Well, me and the boy knew we couldn’t afford to get carried away with the excitement. We had to weigh up every car that came in before us as dispassionately as we had when we had no intention of bidding. My boy is taciturn, anyway, these days, having reached that peculiar stage of male adolescence when physical growth is phenomenal and the mind is a blank. And drunk or sober I have nothing much to say, anyway. So we were cool. We sat and watched and waited for the moment, if it came, to start bidding.

We were giving the bidding our full attention when a man wearing a postman’s winter jacket came and sat next to me. Now and then he made a comment about the car under the hammer. As well as being very friendly, he seemed knowledgable, too. At one point he said, ‘See that Punto? It’s been clocked.’ ‘How do you know?’ I said. ‘How can you possibly tell from here?’ ‘I clocked it myself, with a drill,’ he said. ‘It’s my car.’ When the bidding reached £500, he became scornful. ‘More money than sense, some people,’ he said. ‘I wouldn’t touch a Punto with a bargepole, anyway. Clocked or not.’

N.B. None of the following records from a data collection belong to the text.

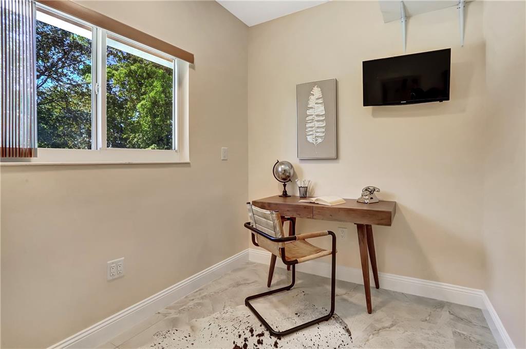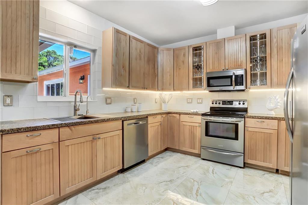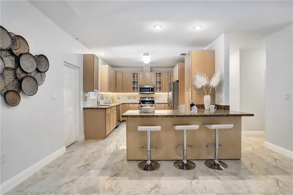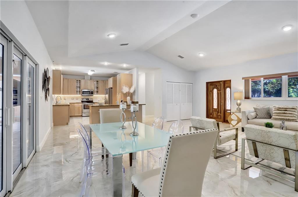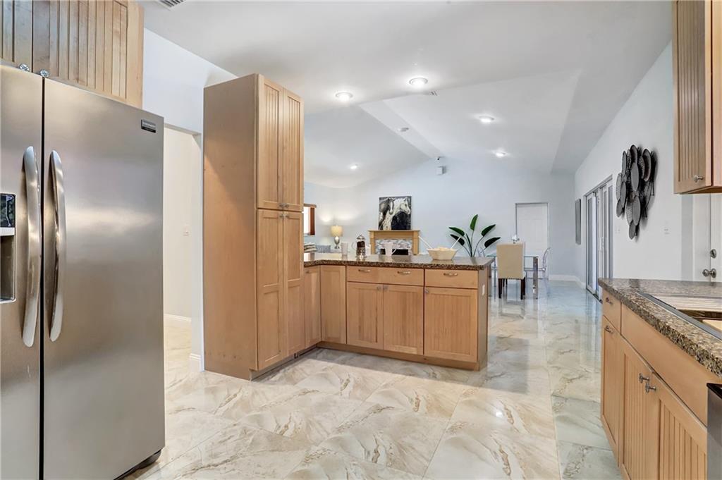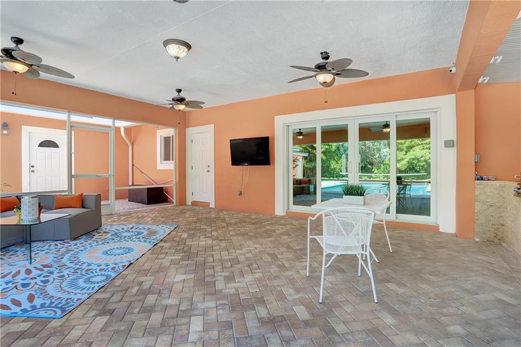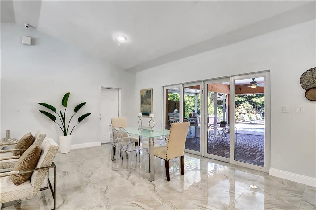 This incredibly rare and impressive property is nestled on a quiet, coveted street in unincorporated Davie; sits comfortably on just under two acres of lush tropical land; features 4 BD’s + office, 3.5 BA’s + poolside cabana bathroom. A covered, brick-paved, and screened-in patio features a summer kitchen, overlooking the oversized pool and cascading rock waterfall, is perfect for entertaining or private enjoyment alike. A sprawling circular driveway can easily accommodate a small fleet of vehicles. Substantially remodeled, reinforced to meet the latest code, and expanded, boasting tile throughout the living areas, hardwood in the bedrooms, complete impact windows and doors all around. The indoor kitchen boasts stainless-steel appliances, granite countertops, and wood cabinets.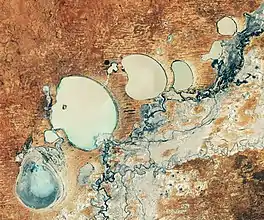 The Menindee Lakes Storages is a major gated dam, including multiple weir and lake impoundments and a concrete spillway, with six vertical lift gates, across the seven lakes that form part of the Menindee Lakes Water Storage Scheme. The lakes were originally a series of natural depressions that filled during floods. As the flow receded the floodwaters in the natural depressions drained back into the Darling River.[2]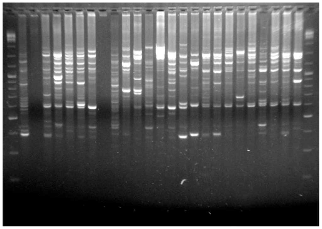 Agarose gel electrophoresis of PCR amplification of RAPDs in R. decussatus.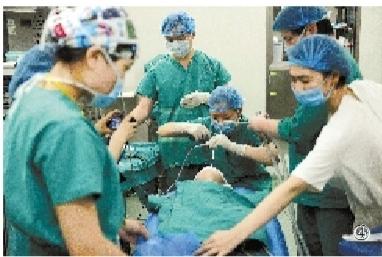 ④下午7时45分,医生在对俊俊进行手术。一颗黄豆大小的塑料子弹从俊俊的气管里取出,俊俊转危为安!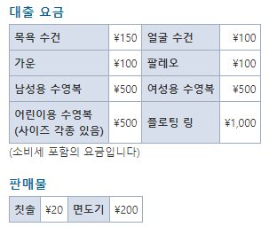 빌리시려면 목욕용 큰 타월은 150엔, 작은 얼굴용 수건은 100엔입니다.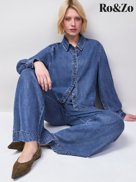 Ro&Zo Blue Tencel Denim Cropped Shirt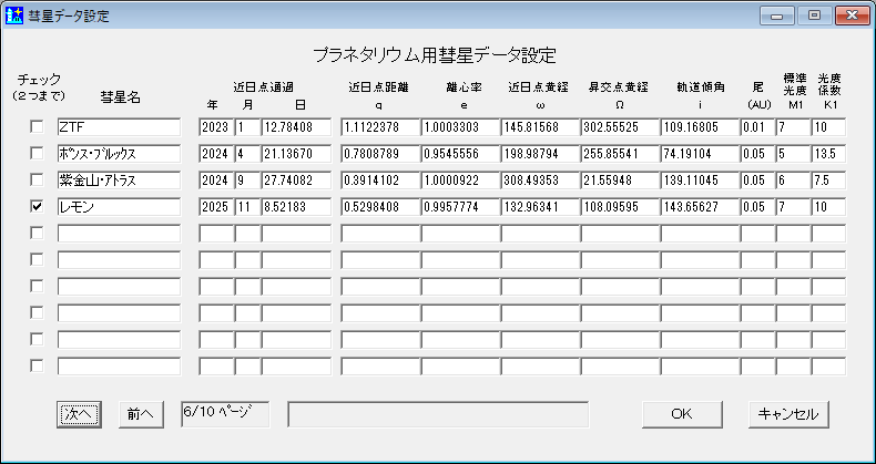 左下にある[次へ]ボタンを何度か押して空白行を表示し、下の画像ようにレモン彗星のデータを入力します。全て入力したら左端にチェックを入れて[OK]ボタンを押せば、設定完了です。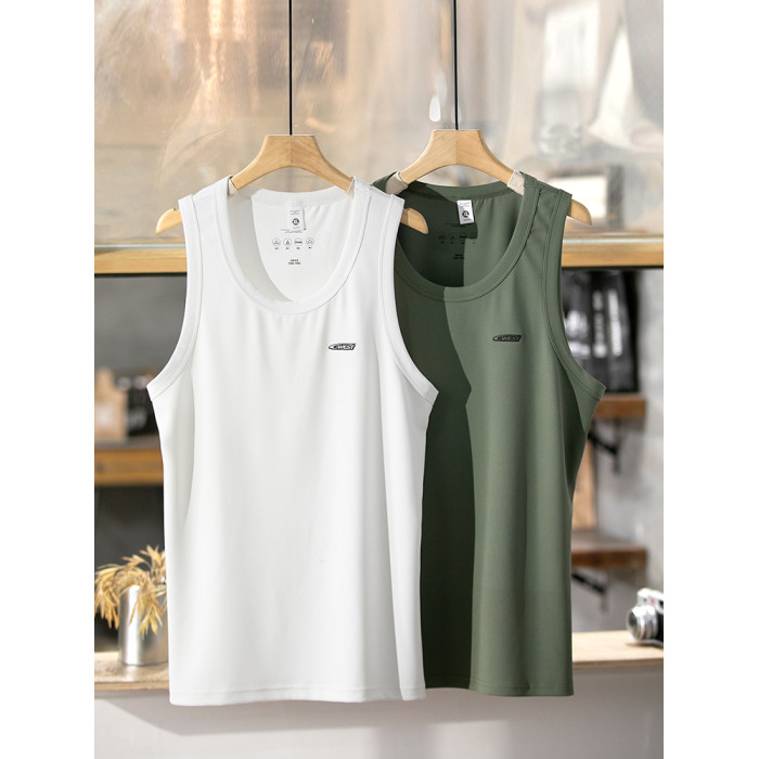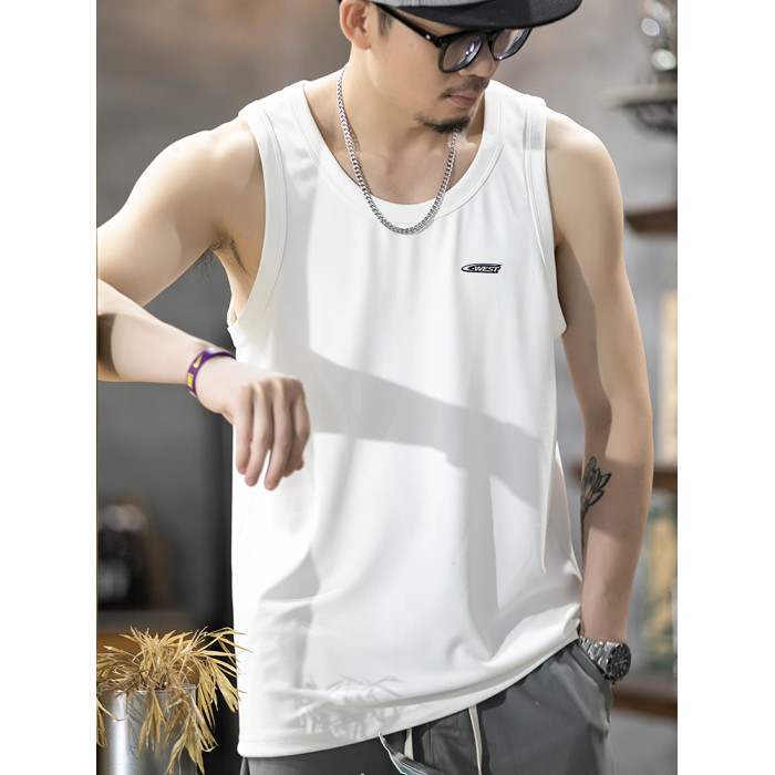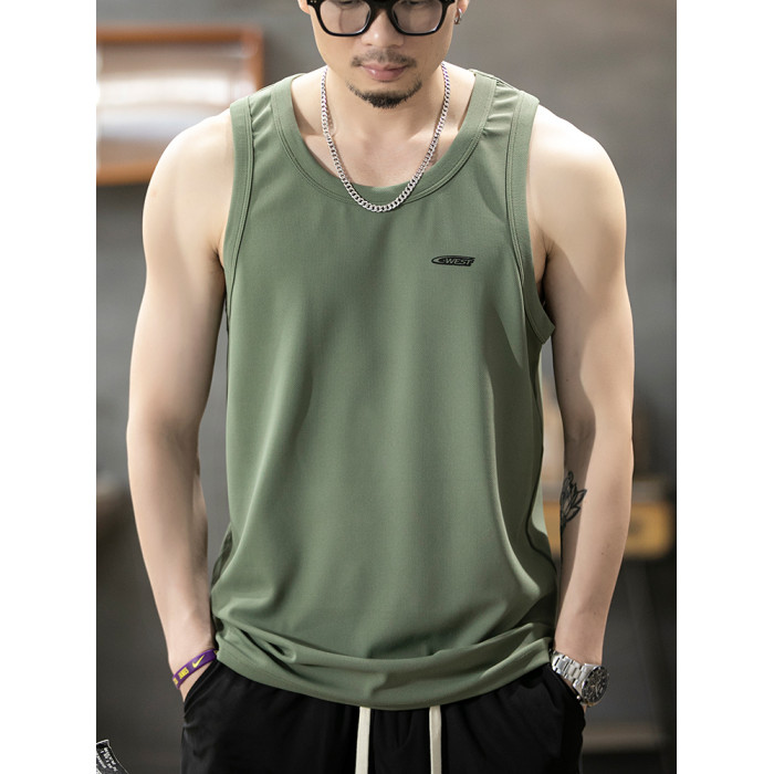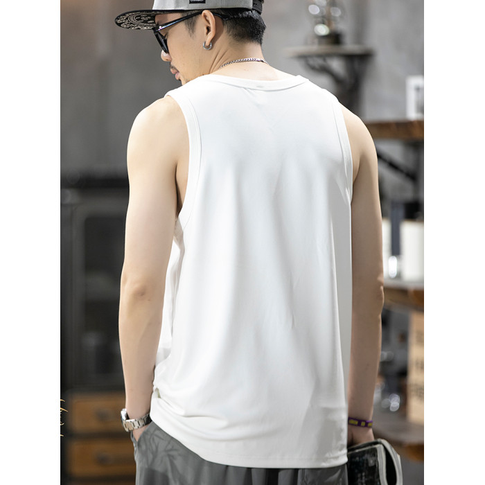 180g薄款冰絲速乾背心男款夏季寬松潮牌高彈運動健身無袖男T恤潮
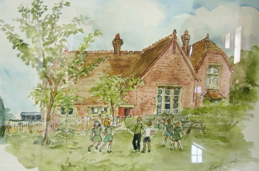 Mary Hood Watercolour School with children playing in the field in foreground Watercolour "Quarry Street, Leamington" and sundry unframed prints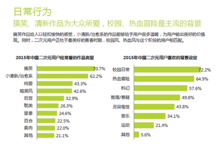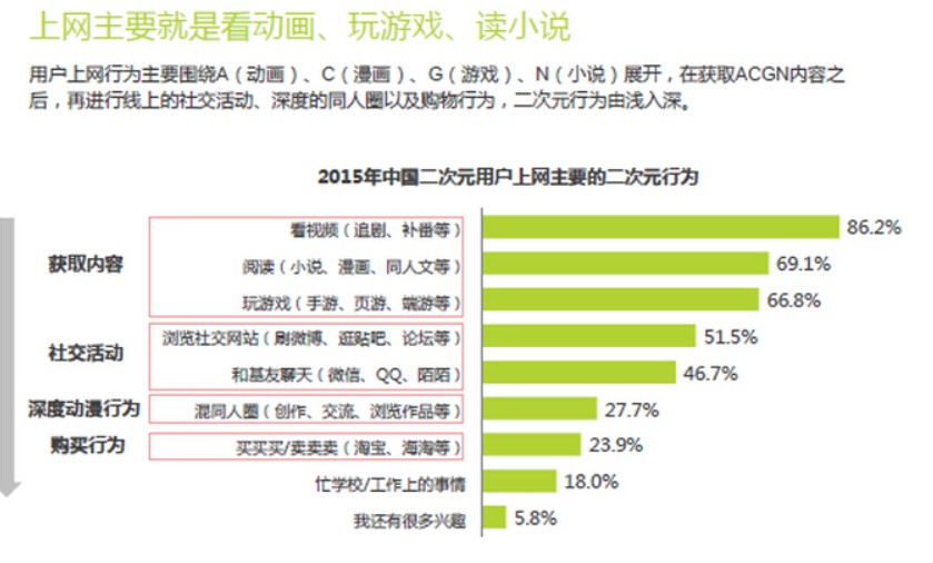 以上主要是互联网数据分析网站,对二次元人群特点的调查分析,他们活跃于互联网,具有极强的传播能力,且忠诚度高,具备很强的付费能力。这样分析二次元人群或许有些冷冰冰,亦或会遭到他们的吐槽,毕竟二次元是他们内心美好的世界,也是一种情怀。

We watched the eventual buyer, a shuffling man of about 80, humbly present himself at the auctioneer’s desk to arrange payment. The gavel had fallen at £650. It was the most overpriced car of the night so far. ‘Mug,’ said the postman. Then he stood up and sauntered away.

I refocused my attention on the matter in hand. The bidding for the next car, an M reg. Renault Mégane, started at £100. This was not out of our price range. I nudged my boy and tried to pass quietly what I thought was intestinal wind.

I hadn’t exchanged a word with my boy for the last dozen or so cars. Now I turned to him and broke some distressing news. His attention stayed on the Mégane. He took a meditative sip of his minestrone with croutons. ‘Whatever you say about the Mégane,’ he said, ‘they’re a lovely shape.’

I limped down through the punters crowding around the Mégane and into the lavatory. The auctioneer’s frenetic nasal voice was coming out of a loudspeaker attached to the wall. I went into a cubicle to assess the damage. It was more extensive than I feared. My Calvin Kleins had to be abandoned. When I regained my seat, my boy crossly informed me that the Mégane had fetched £140 and we’d missed what he reckoned was easily the bargain of the month.